- _WHAT THE TASK ASKS_
If a record holds a picture, drop the picture and copy everything else exactly.

START EXERCISE INPUT

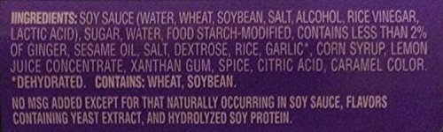 'SOY SAUCE (WATER, WHEAT, SOYBEAN, SALT, ALCOHOL, RICE VINEGAR, LACTIC ACID), SUGAR, WATER, FOOD STARCH-MODIFIED, CONTAINS LESS THAN 2% OF GINGER, SESAME OIL, SALT, DEXTROSE, RICE, GARLIC*, CORN SYRUP, LEMON JUICE CONCENTRATE, XANTHAN GUM, SPICE, CITRIC ACID, CARAMEL COLOR.'
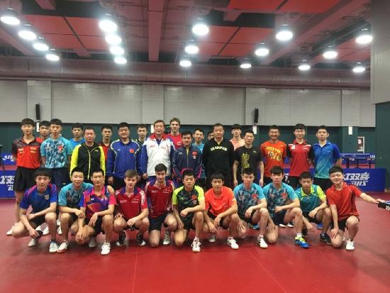 韩华带领法国乒乓球男队在中国集训。韩华提供
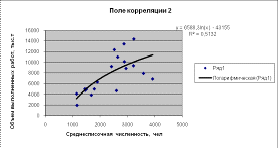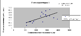 коэффициент эластичности Э=0,88 - при изменении численности на 1% объем
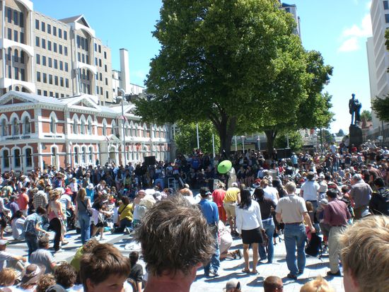 Auf den Plaetzen findet gerade ein Festival statt, wo wir einen Zwischenstopp einlegen und das bunte Treiben beobachten!
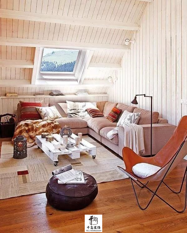風(fēng)景獨(dú)到的閣樓做成小客廳再好不過,看慣了枯燥的大客廳,小客廳搭配美景,讓談話更有誠(chéng)意。
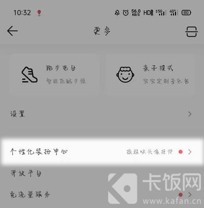 3.在更多设置页面,找到“设置”下方的【个性化装扮中心】,进入设置皮肤、挂件;
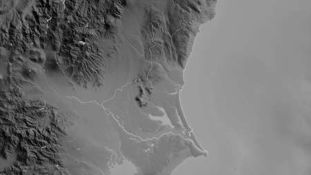 Ibaraki, prefecture of Japan. Grayscaled map with lakes and rivers. Shape outlined against its country area. 3D rendering
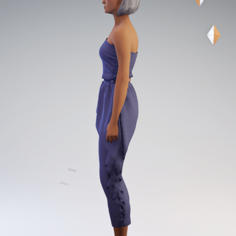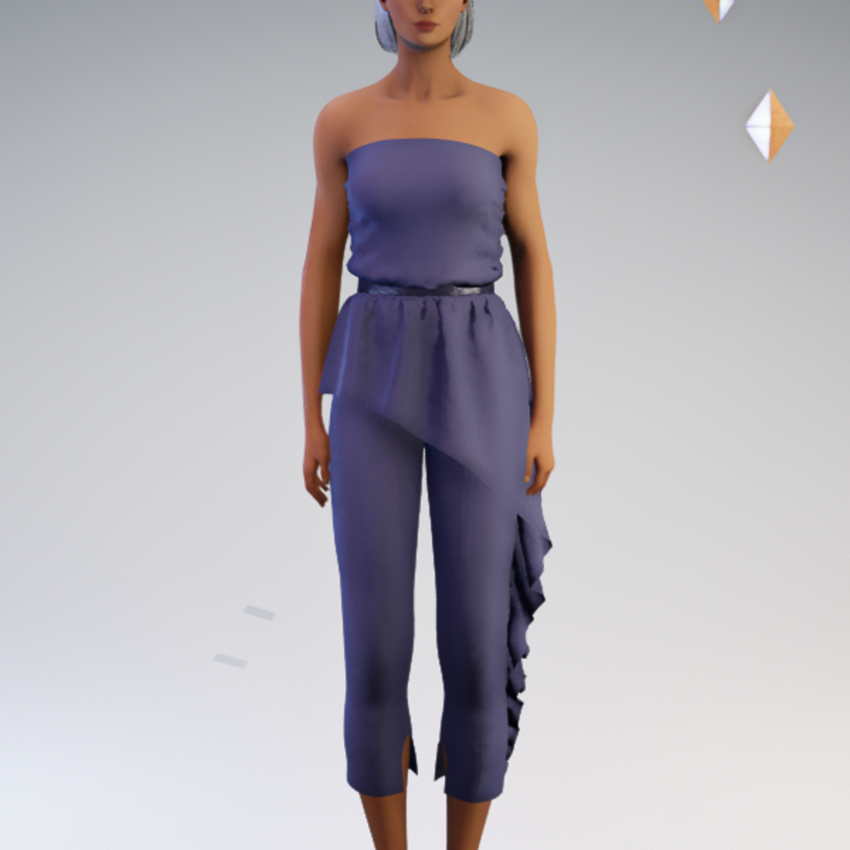 Elegant strapless pant suit with sloping peplum. By Sweet Distractions
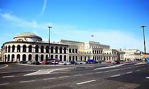 Le palais a une structure unique à Varsovie et se caractérise par de grandes terrasses. Corazzi l'a conçue sur le modèle des villas de la Renaissance italienne. Il se compose d'un bâtiment central rectangulaire de trois étages à partir duquel une puissante projection centrale en gradins fait saillie jusqu'à la Place Bankowy. Une colonnade continue relie les façades des parties du bâtiment atteignant la place et ferme ainsi la cour. L'ensemble se caractérise par des proportions parfaites.
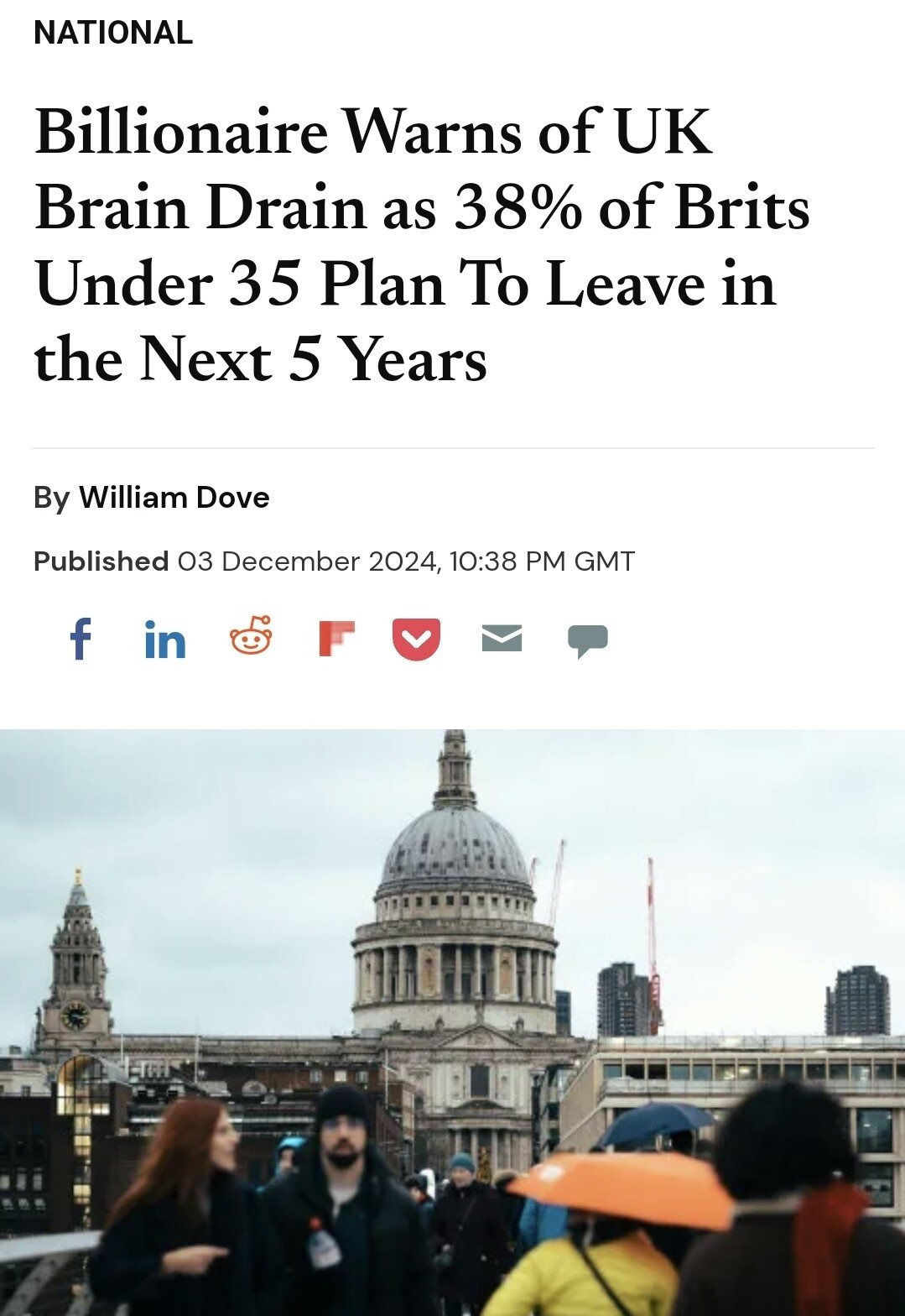 그 결과 영국 35세 이하 청년의 약 40% 가 더 많은 기회와 라이프스타일을 위해 영국을 5년내 떠날려고 하고 있다고 얘기가 나오는중임.

END EXERCISE INPUT

- _TASK SOLUTION_
 'SOY SAUCE (WATER, WHEAT, SOYBEAN, SALT, ALCOHOL, RICE VINEGAR, LACTIC ACID), SUGAR, WATER, FOOD STARCH-MODIFIED, CONTAINS LESS THAN 2% OF GINGER, SESAME OIL, SALT, DEXTROSE, RICE, GARLIC*, CORN SYRUP, LEMON JUICE CONCENTRATE, XANTHAN GUM, SPICE, CITRIC ACID, CARAMEL COLOR.'
 韩华带领法国乒乓球男队在中国集训。韩华提供
 коэффициент эластичности Э=0,88 - при изменении численности на 1% объем
 Auf den Plaetzen findet gerade ein Festival statt, wo wir einen Zwischenstopp einlegen und das bunte Treiben beobachten!
風(fēng)景獨(dú)到的閣樓做成小客廳再好不過,看慣了枯燥的大客廳,小客廳搭配美景,讓談話更有誠(chéng)意。
 3.在更多设置页面,找到“设置”下方的【个性化装扮中心】,进入设置皮肤、挂件;
 Ibaraki, prefecture of Japan. Grayscaled map with lakes and rivers. Shape outlined against its country area. 3D rendering
 Elegant strapless pant suit with sloping peplum. By Sweet Distractions
 Le palais a une structure unique à Varsovie et se caractérise par de grandes terrasses. Corazzi l'a conçue sur le modèle des villas de la Renaissance italienne. Il se compose d'un bâtiment central rectangulaire de trois étages à partir duquel une puissante projection centrale en gradins fait saillie jusqu'à la Place Bankowy. Une colonnade continue relie les façades des parties du bâtiment atteignant la place et ferme ainsi la cour. L'ensemble se caractérise par des proportions parfaites.
 그 결과 영국 35세 이하 청년의 약 40% 가 더 많은 기회와 라이프스타일을 위해 영국을 5년내 떠날려고 하고 있다고 얘기가 나오는중임.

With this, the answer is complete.